B-Movie Bullsh*t
Part Twelve
Sssssss
(1973)
Synopsis
Late at night a carnie named Kogen arrives at the home of famous herpetologist Dr. Carl Stoner to pick up a mysterious package that appears to contain some large, unseen animal. The next day Stoner visits Dr. Daniels, the chairman of the university’s zoological department. He’s come to request an extension on his research grant and to find someone to replace Tim, his student assistant who appears to have taken off without notice. Daniels can’t guarantee the grant, but he does recommend David Blake for the assistant position. David eagerly accepts and drives with Stoner to his isolated house and its basement laboratory. There he meets Kristina, Stoner’s attractive daughter, who’s surprised to learn of Tim’s unexplained disappearance. After showing David his impressive collection of snakes, including a black mamba and king cobra, Stoner gives him an injection he says is meant to protect him from venomous bites. Over the following weeks, David and Kristina start falling in love—a development her father strong disapproves of. David starts showing strange physical changes that the doctor insists are normal reactions to the injections, but the truth of what’s happening to him can be found at the freak show of a local carnival, where the half-man, half-snake is far more realistic than nature would ever allow. The depth of Stoner’s madness is proven when he sneaks into the room of a local football hero and slips the black mamba into the jock’s shower in order to get revenge for the death of his beloved pet python. On the final day of David’s transformation, Stoner sends Kristina away on a wild goose chase so he can attend to the creation of the first snake with a human mind. Doing this also requires that he feed Dr. Daniels to a large snake in his storm cellar. Unlike Tim, David’s metamorphosis proves successful and Stoner chooses to celebrate by gloating about his achievement to his king cobra, which ends with him being repeatedly bitten. Kristina finds her father dead in their backyard, and—having learned about what happened to Tim—realizes that the new king cobra in their lab is her boyfriend who—as the movie ends—is threatened by both an attacking mongoose and the gun of the local sheriff.
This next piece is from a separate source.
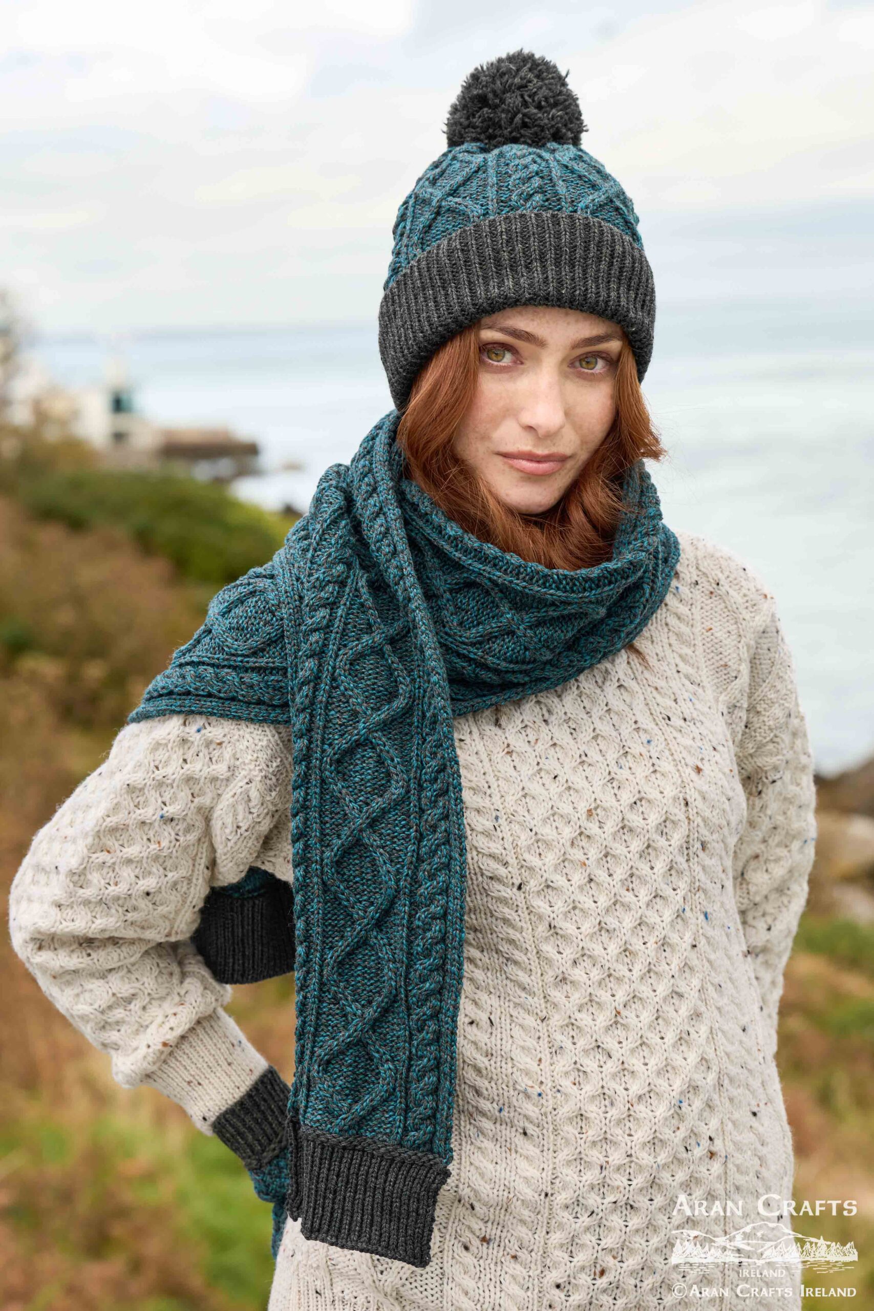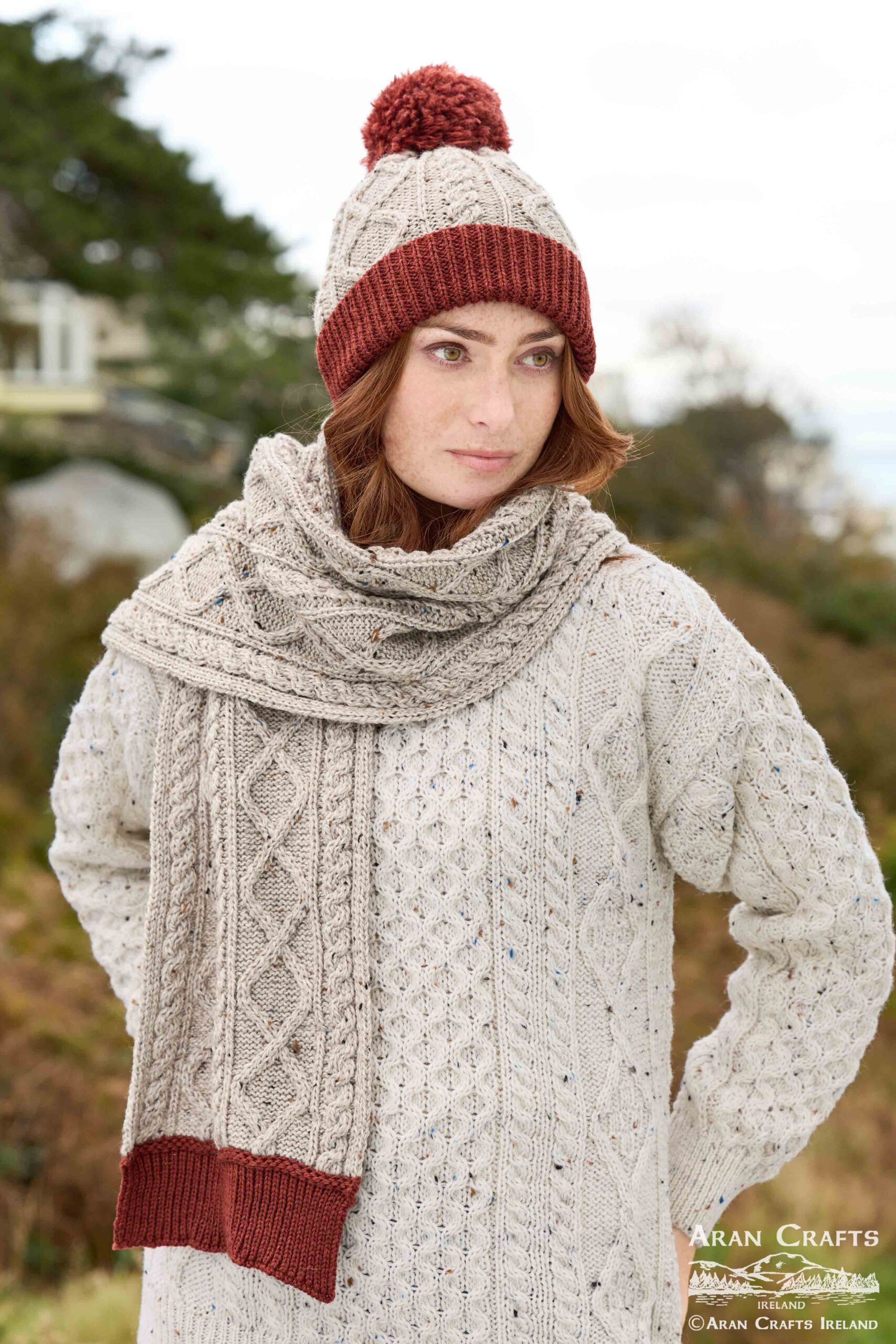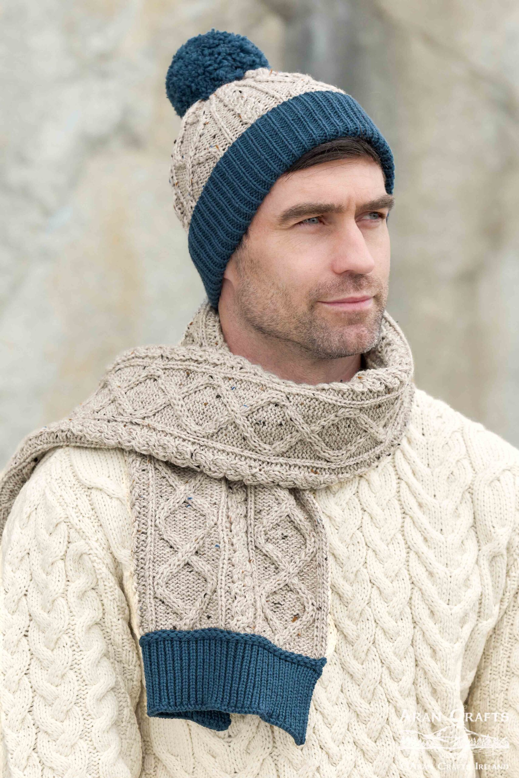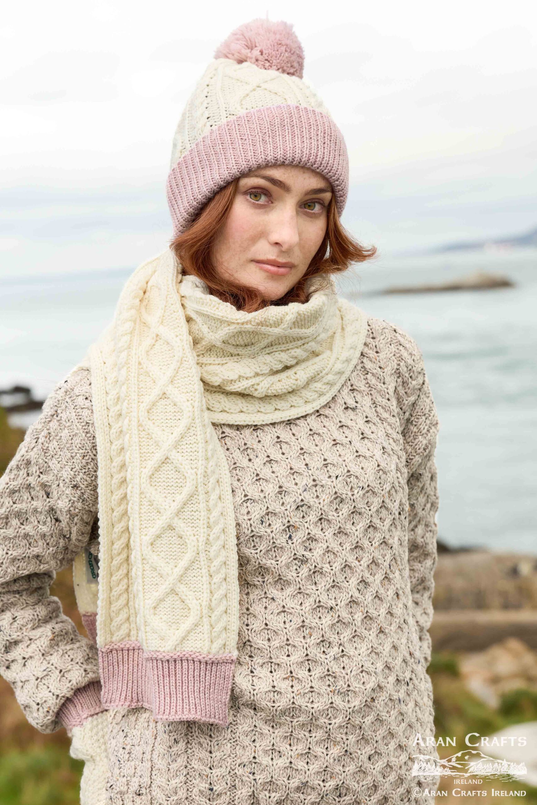 Two-Tone Pom Pom Hat featuring the traditional diamond-knit Aran pattern. Crafted with two complementary colours, this unisex hat is both stylish and warm, making it a perfect accessory for colder days.

Sssssss was the first movie made by the famous producing team of Richard D. Zanuck and David Brown. The two of them first worked together as executives at 20th Century Fox, the studio founded by Zanuck’s legendary father, Darryl. As far as cult film fans are concerned their most important achievements during this period were Planet of the Apes, Beyond the Valley of the Dolls, and the infamous WWTTM (What Were They Thinking? Movie) disaster, Myra Breckenridge. As independent producers they wouldn’t hit the big time until two years after Sssssss, when they helped changed cinema forever with another scary animal movie—Steven Spielberg’s Jaws.
Watching Sssssss (which earns my personal nomination for worst movie title of all time) it’s hard to see just why they chose to set their shingle on this particular property, which suffers from the same conceptual flaw most animal related horror films cannot overcome. The logic behind these films is that by exploiting people’s natural phobias of frightening animals, you have to expend little effort in crafting an effective horror movie. Since many people are terrified by the mere sight of snakes, making a movie that features a lot of them is guaranteed to thrill. Right?
But this all falls apart when you realize that the kind of person who suffers from the sort of antipathy that makes it difficult for them to even look at a snake or spider or rat, is most probably not going to pay to do so in a movie theater. Tickets will instead be bought by folks who have no problem with such animals and who feel no tension when they appear safely on a movie screen (as opposed to directly in front of them).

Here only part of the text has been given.